I'm trying to figure out the best way to accomplish the following:
- Download a large XML (1GB) file on daily basis from a third-party website
- Convert that XML file to relational database on my server
- Add functionality to search the database
For the first part, is this something that would need to be done manually, or could it be accomplished with a cron?
Most of the questions and answers related to XML and relational databases refer to Python or PHP. Could this be done with javascript/nodejs as well?
If this question is better suited for a different StackExchange forum, please let me know and I will move it there instead.
Below is a sample of the xml code:
<case-file>
<serial-number>123456789</serial-number>
<transaction-date>20150101</transaction-date>
<case-file-header>
<filing-date>20140101</filing-date>
</case-file-header>
<case-file-statements>
<case-file-statement>
<code>AQ123</code>
<text>Case file statement text</text>
</case-file-statement>
<case-file-statement>
<code>BC345</code>
<text>Case file statement text</text>
</case-file-statement>
</case-file-statements>
<classifications>
<classification>
<international-code-total-no>1</international-code-total-no>
<primary-code>025</primary-code>
</classification>
</classifications>
</case-file>
Here's some more information about how these files will be used:
All XML files will be in the same format. There are probably a few dozen elements within each record. The files are updated by a third party on a daily basis (and are available as zipped files on the third-party website). Each day's file represents new case files as well as updated case files.

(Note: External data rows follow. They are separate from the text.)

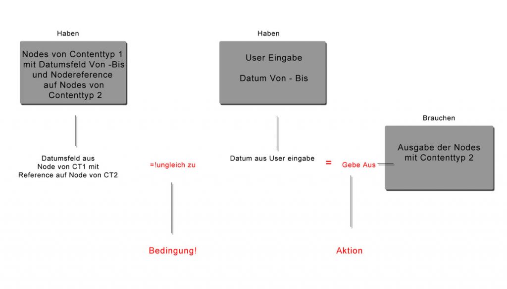 Node 1 von Contenttyp A wird ausgegeben wenn Datum von Node 2, 3 und 4 von Contenttyp B (alle referenciert auf A) ungleich && nicht zwischen dem Datum von der User eingabe liegt. (siehe Bild)
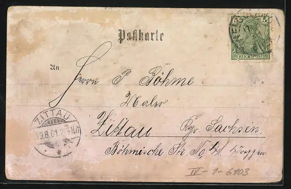 alte Ansichtskarte, gelaufen 1901, Eckknick rechts unten, guter Zustand
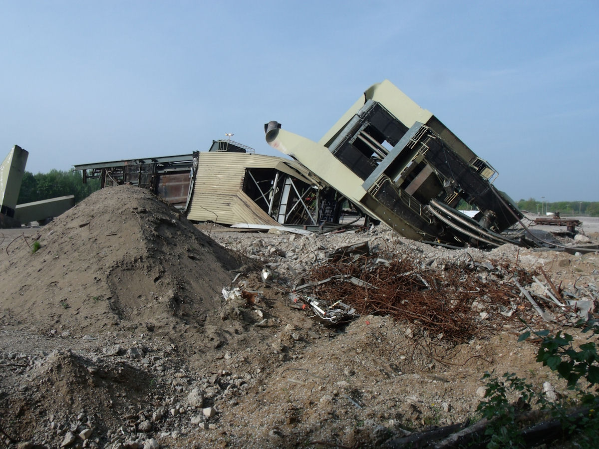 Heute morgen um 9:00 Uhr wurde das Fördergerüst des Schachtes Voerde umgelegt und damit der letzte Rest der Tagesanlagen auf dem ehemaligen Außenschachtgelände des BW Walsum beseitigt. Walsum wurde 2008 nicht zuletzt wegen des umstrittenen Abbaus unter dem Rhein stillgelegt. Der erst 1986 geteufte Seilfahrts- und Materialschacht Voerde daraufhin 2009 abgeworfen und verfüllt. Seit 2011 wüteten die Bagger. Jetzt wird das Gelände wahrscheinlich in eine landwirtschaftliche Nutzung zurückgeführt.
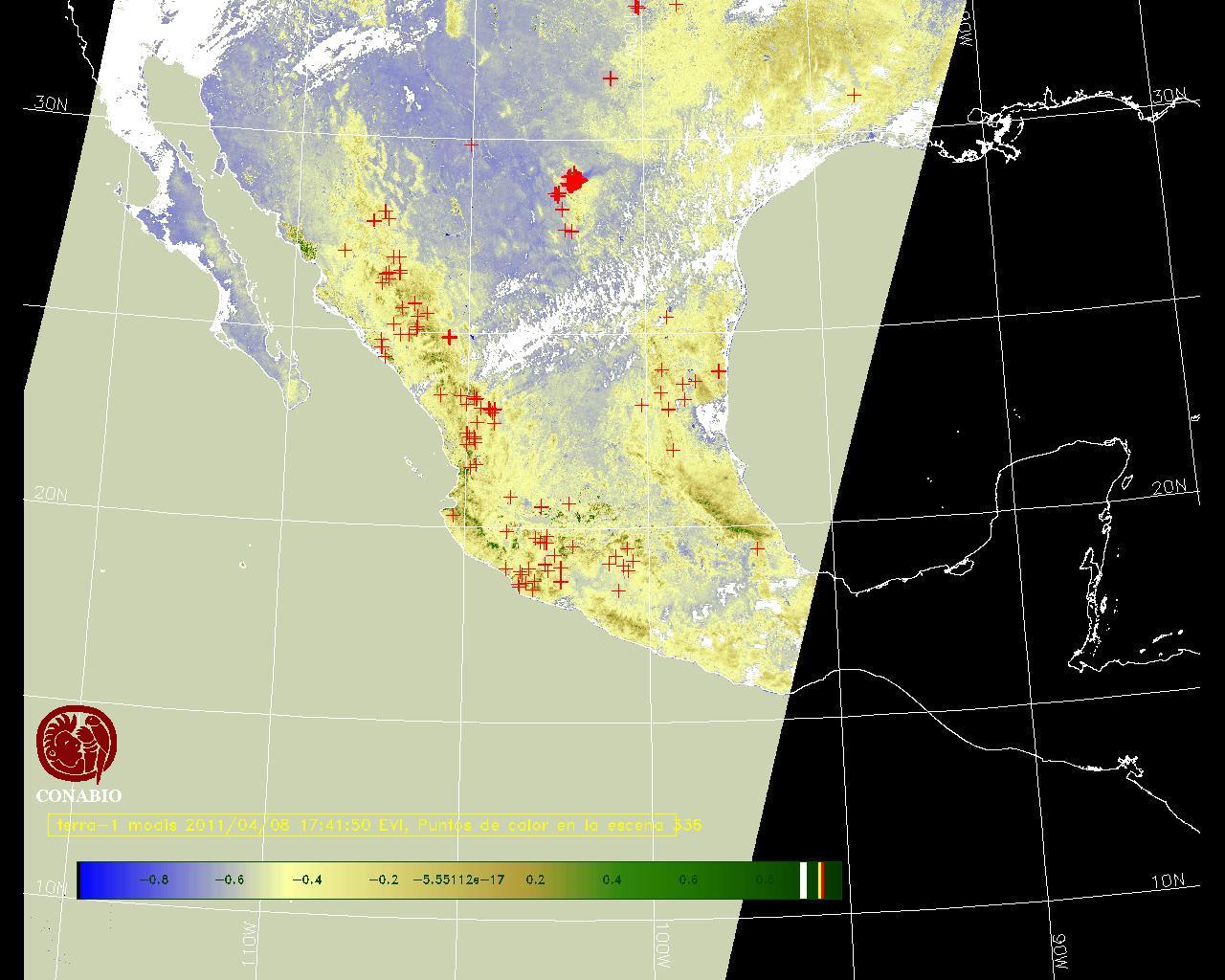 Se considera como punto de calor al elemento espacial mínimo de la imagen (pixel) que reporta una temperatura elevada. Para las imágenes diurnas la temperatura mínima considera es de 42 C y para las imágenes nocturnas es de 25 C. |
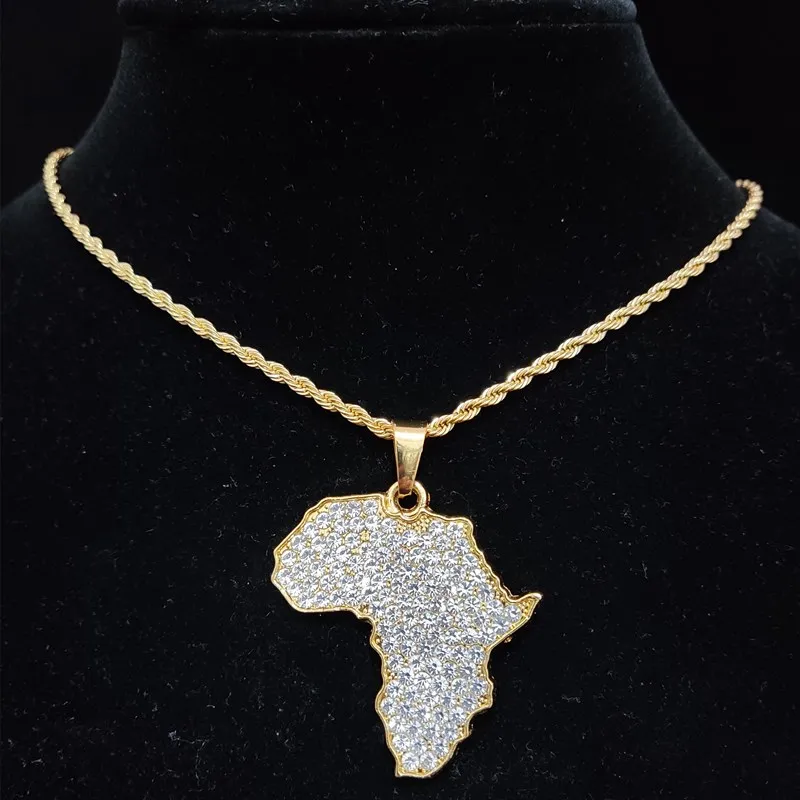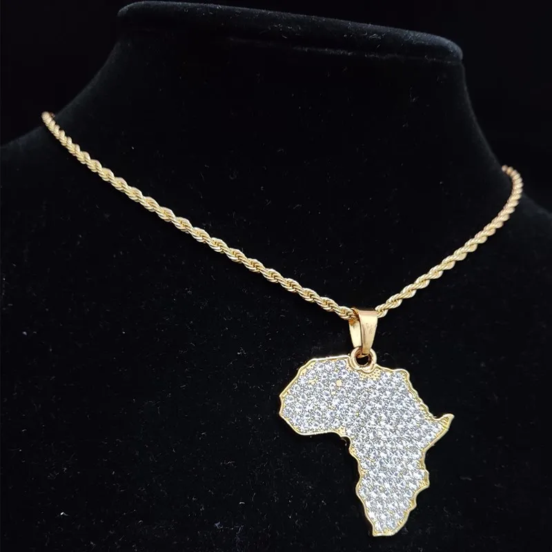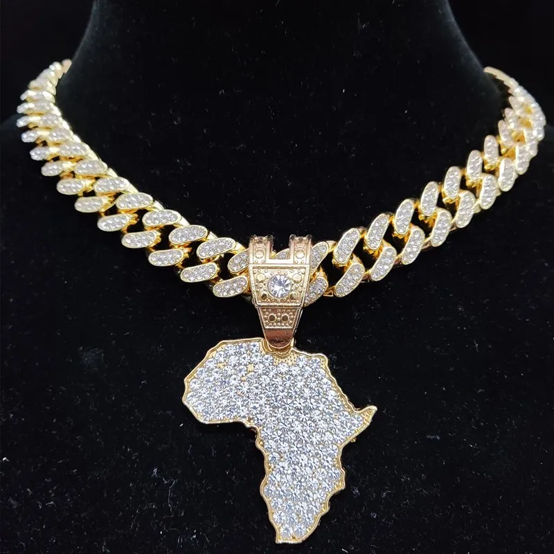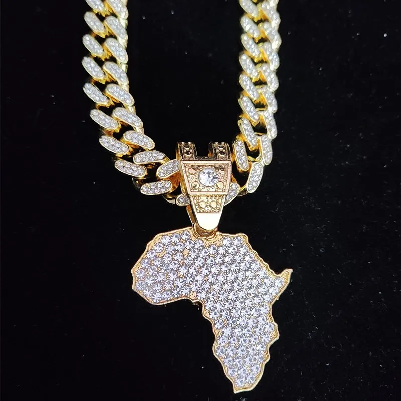 Men Women Hip Hop Iced Out Bling Map of Africa Pendant Necklace with 13mm Cuban Chain HipHop Necklaces Charm Jewelry
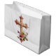Elegantes Holzkreuz mit rosa Blume Große Geschenktüte
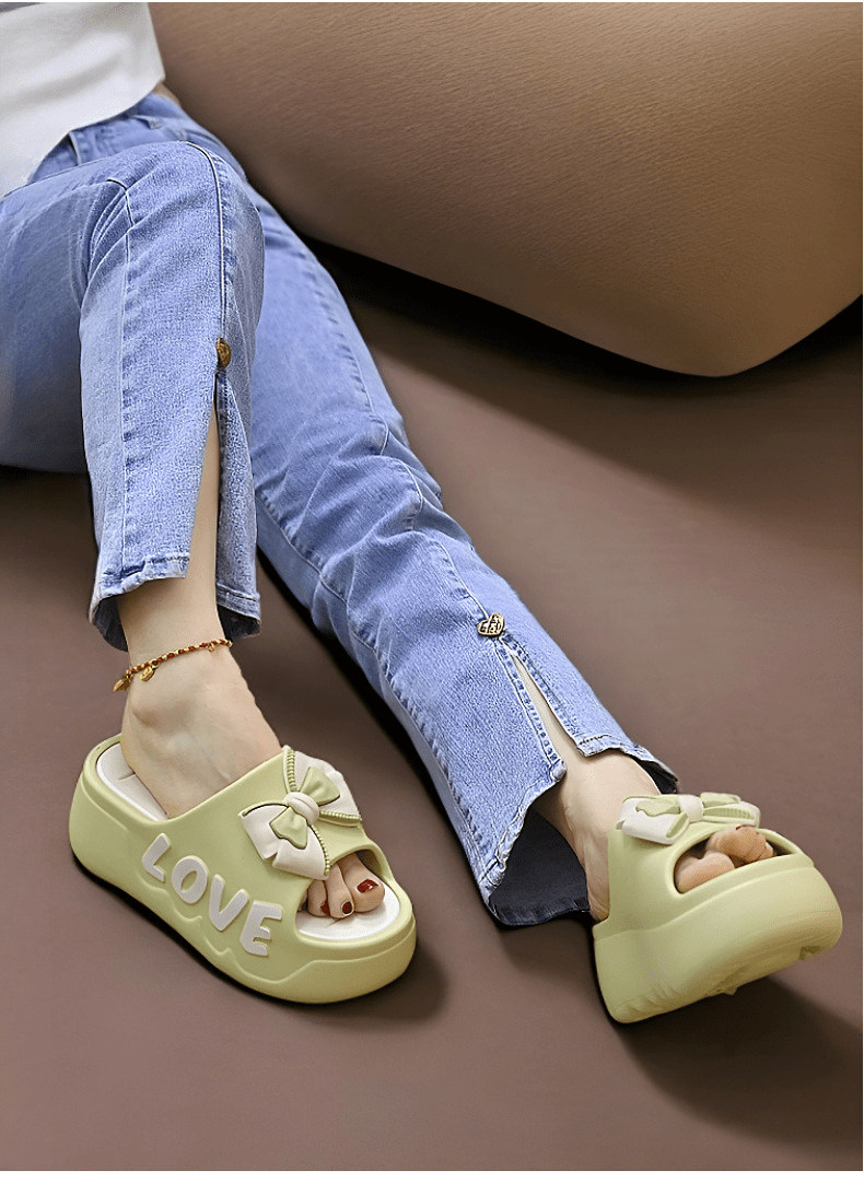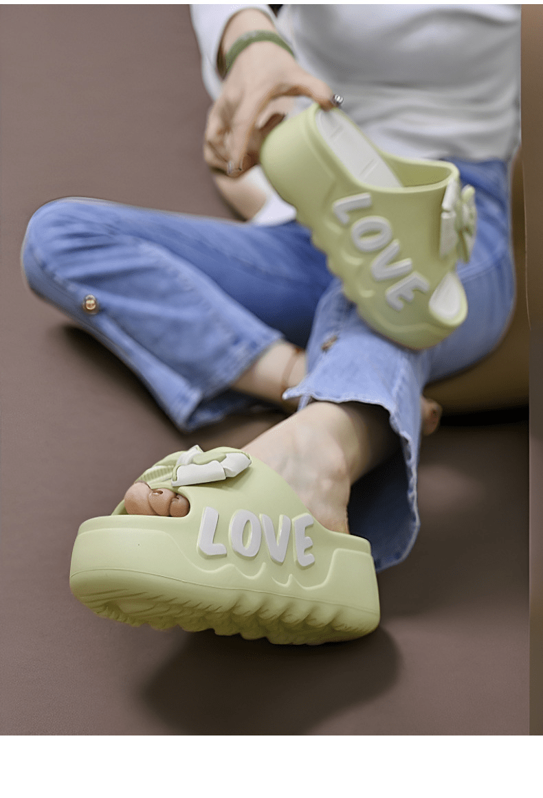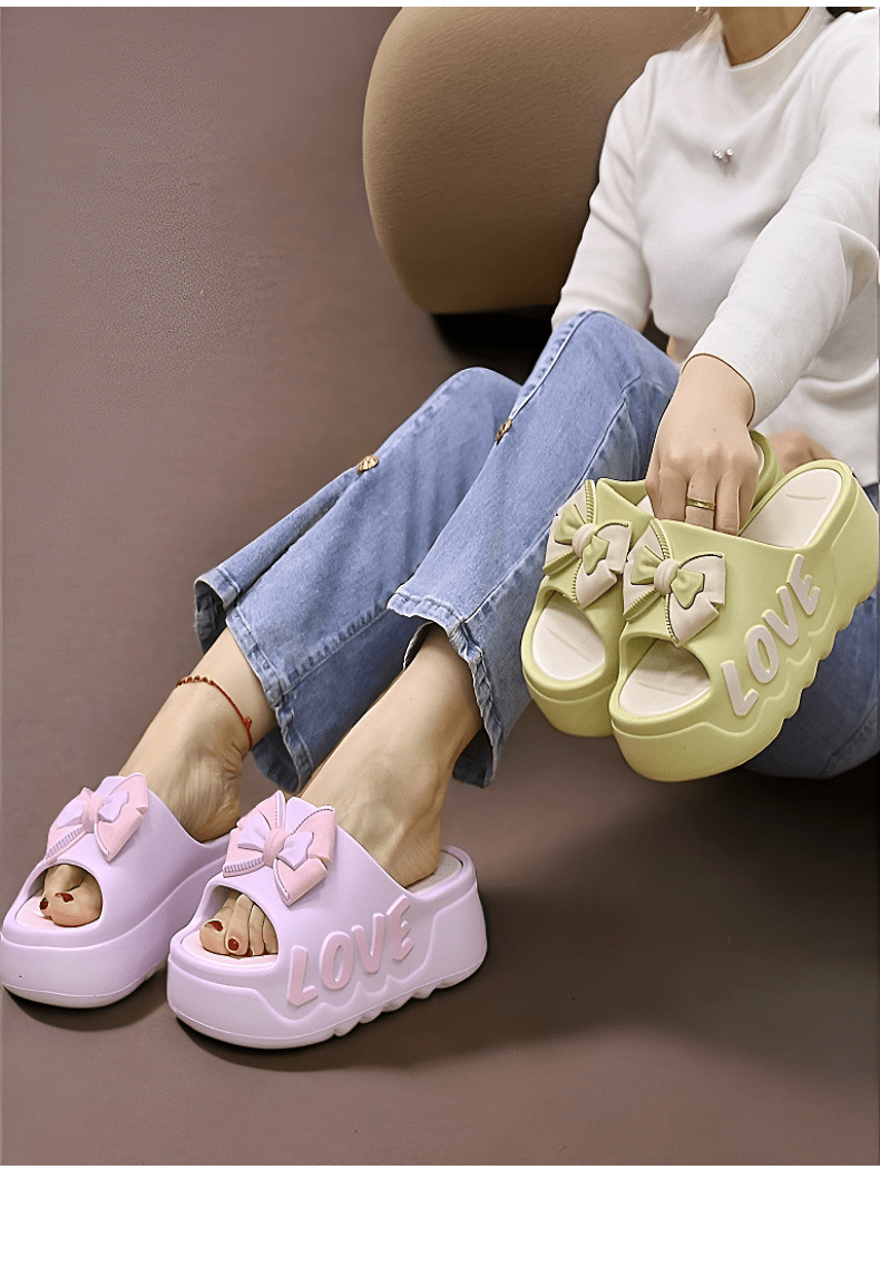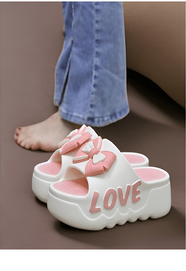 Dép quai ngang nữ G00047 thiết kế đế cao 4cm với họa tiết nơ chữ love dễ thương nữ tính
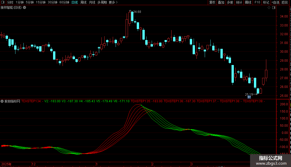 TDXSTEP136:IF(V3>=REF(V3,1),V3,DRAWNULL),COLORRED;
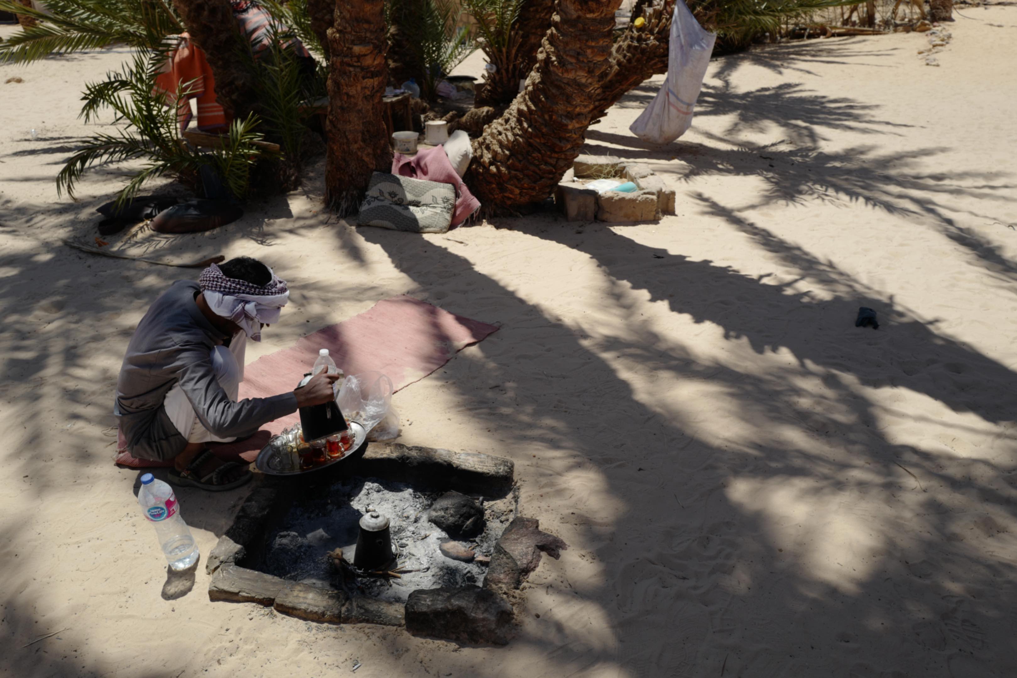 The canyon’s end was an oasis filled with signs of local life. The guide led us into a shelter to rest. The roof was made of palm leaves, and underneath were Arabic carpets and cushions. But after long use and many visitors, the carpets were gray, messy, and worn. Light filtered through the sparse palm leaves, swaying gently in the breeze, creating a dreamlike atmosphere. Next to the shelter was a fire pit, where another Bedouin squatted, brewing tea. He slowly lifted the kettle of boiling water and poured tea steadily into cups.
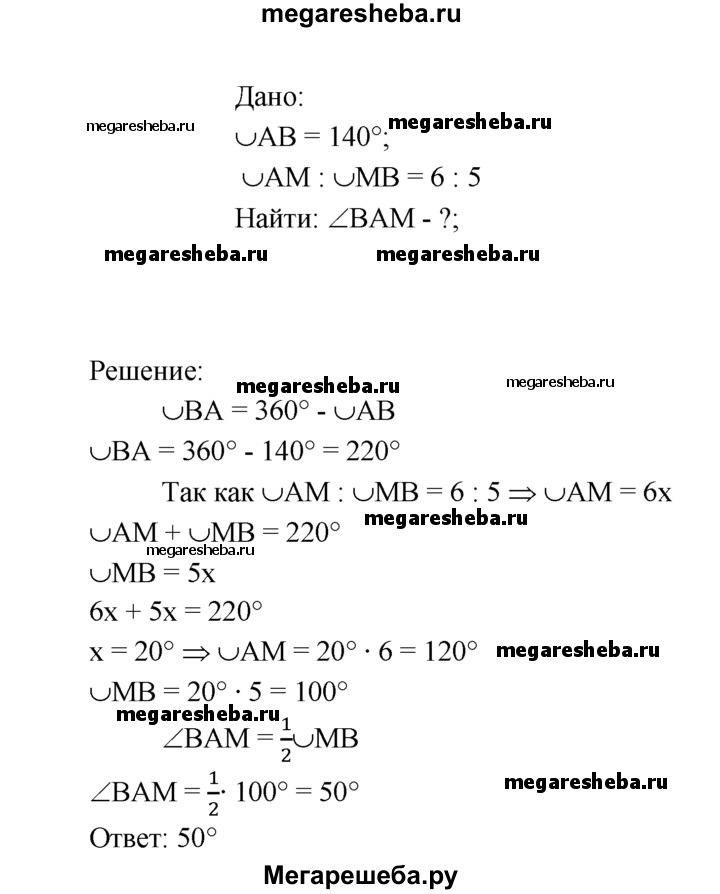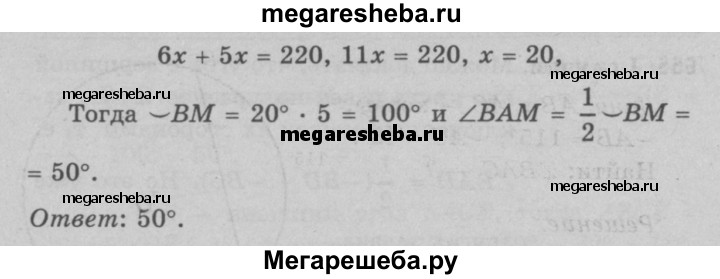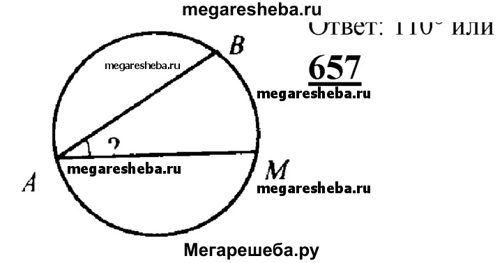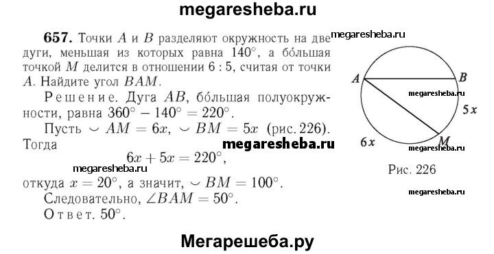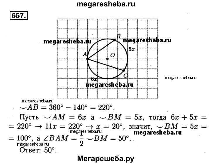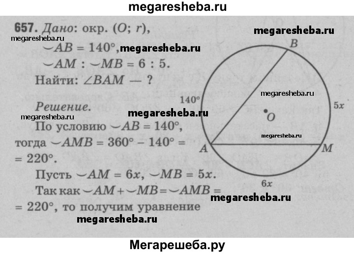 657 Точки А и В разделяют окружность на две дуги, меньшая из которых равна 140°, а большая точкой М делится в отношении 6 : 5, считая от точки А. Найдите угол ВАМ.
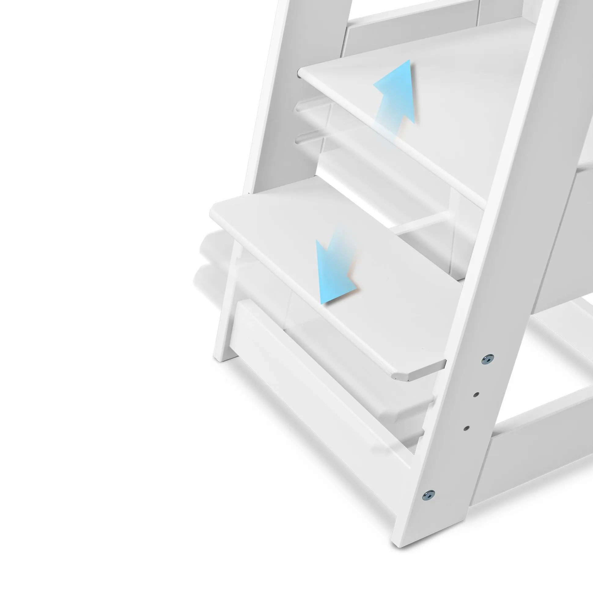 Der Lernturm Felix von tiSsi® ist ein spannender Entdecker-Turm, der mit deinem Kind mitwächst. So können schon die Kleinsten auf Augenhöhe mit an der Küchenarbeitsplatte stehen und beim Kochen helfen. Dank dem höhenverstellbaren Stand- und Fußbrett kannst du den Turm mit wenigen Handgriffen ganz einfach an die Größe deines Kindes anpassen. Der ist einfach montierbar, extrem kippsicher zu allen Seiten und besonders ergonomisch entwickelt. Er bietet Kindern von ca. 1 – 4 Jahren angemessene Bewegungsfreiheit und ist mit einer Tragfähigkeit von bis zu 250 kg der perfekte Begleiter bis ins Jugendalter.

The goal is to allow a user to search for information and organize those search results on the page (or in a generated pdf/excel file). For example, a user might want to see all case files that include a particular word within the <text>
element. Or a user might want to see all case files that include primary code 025 (<primary-code>
element) and that were filed after a particular date (<filing-date>
element).
The only data entered into the database will be from the XML files--users won't be adding any of their own information to the database.